**Problem:** Only the text should come through, so restate the listing exactly and drop its images.

**Supplied information:**
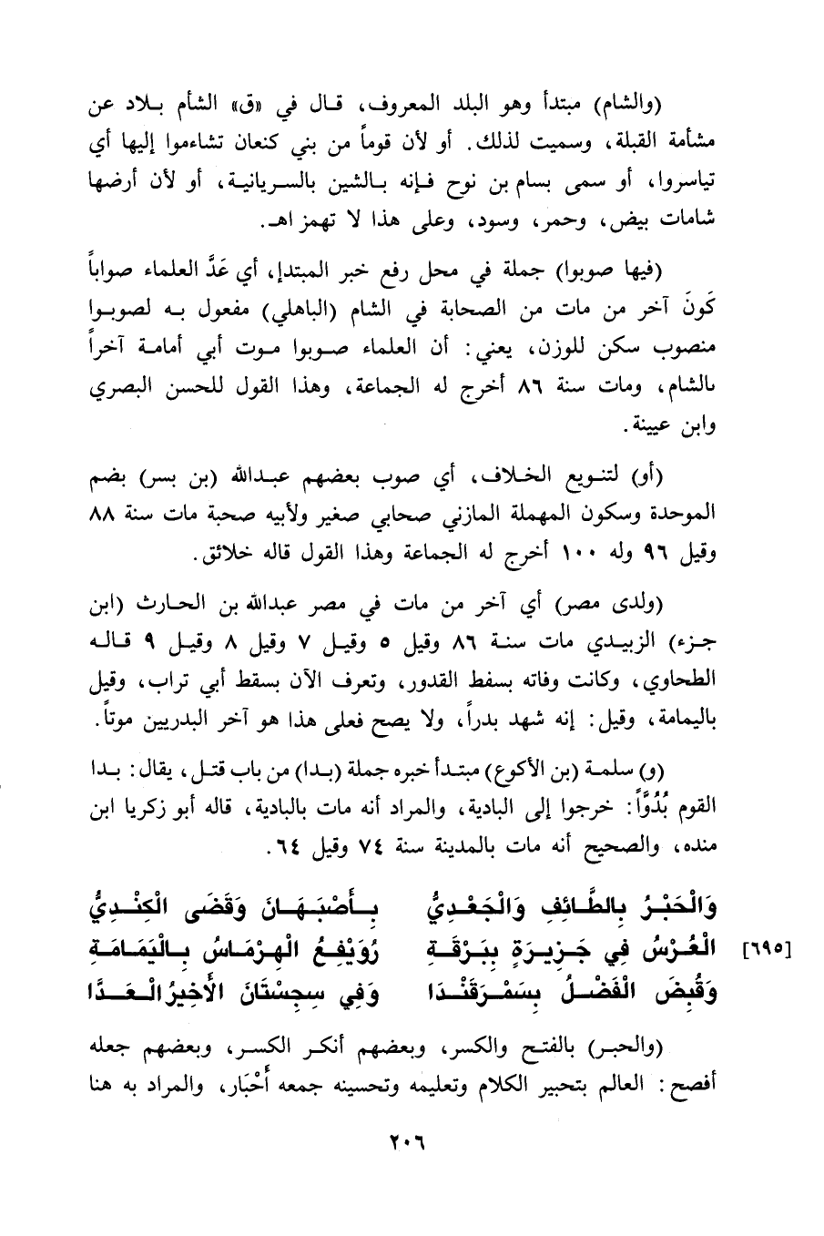 (فيها صوبوا) جملة في محل رفع خبر المبتدإ، أي عَدَّ العلماء صواباً كَونَ آخر من مات من الصحابة في الشام (الباهلي) مفعول به لصوبوا منصوب سكن للوزن، يعني: أن العلماء صوبوا موت أبي أمامة آخراً بالشام، ومات سنة 86 أخرج له الجماعة، وهذا القول للحسن البصري وابن عيينة.
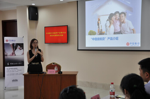 为进一步加大对个人金融贷款的支持,中信银行绍兴分行不断创新产品流程,全力服务金融消费者,于8月1日下午在辖属新昌支行举办了“房抵贷”产品推介会,包括合成房产、绿城置业、三花置业等在内的当地十家知名房产公司、房产中介及县房管局的领导应邀出席,该行个人信贷部产品经理现场授课,活动取得圆满成功。
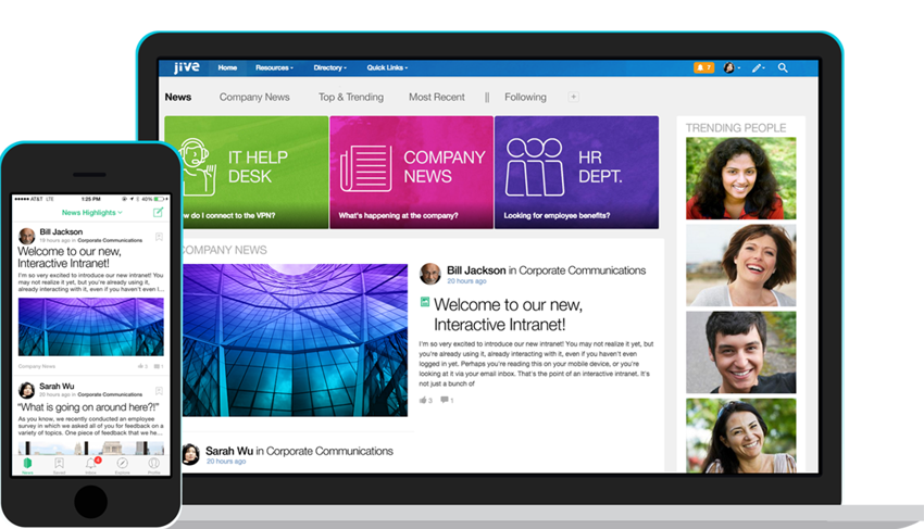 Jive provides a gateway to everything employees need to get their jobs done. It’s a platform that provides company communication, team collaboration, employee engagement and more.

**Solution to the problem:**
 (فيها صوبوا) جملة في محل رفع خبر المبتدإ، أي عَدَّ العلماء صواباً كَونَ آخر من مات من الصحابة في الشام (الباهلي) مفعول به لصوبوا منصوب سكن للوزن، يعني: أن العلماء صوبوا موت أبي أمامة آخراً بالشام، ومات سنة 86 أخرج له الجماعة، وهذا القول للحسن البصري وابن عيينة.
 为进一步加大对个人金融贷款的支持,中信银行绍兴分行不断创新产品流程,全力服务金融消费者,于8月1日下午在辖属新昌支行举办了“房抵贷”产品推介会,包括合成房产、绿城置业、三花置业等在内的当地十家知名房产公司、房产中介及县房管局的领导应邀出席,该行个人信贷部产品经理现场授课,活动取得圆满成功。
 Jive provides a gateway to everything employees need to get their jobs done. It’s a platform that provides company communication, team collaboration, employee engagement and more.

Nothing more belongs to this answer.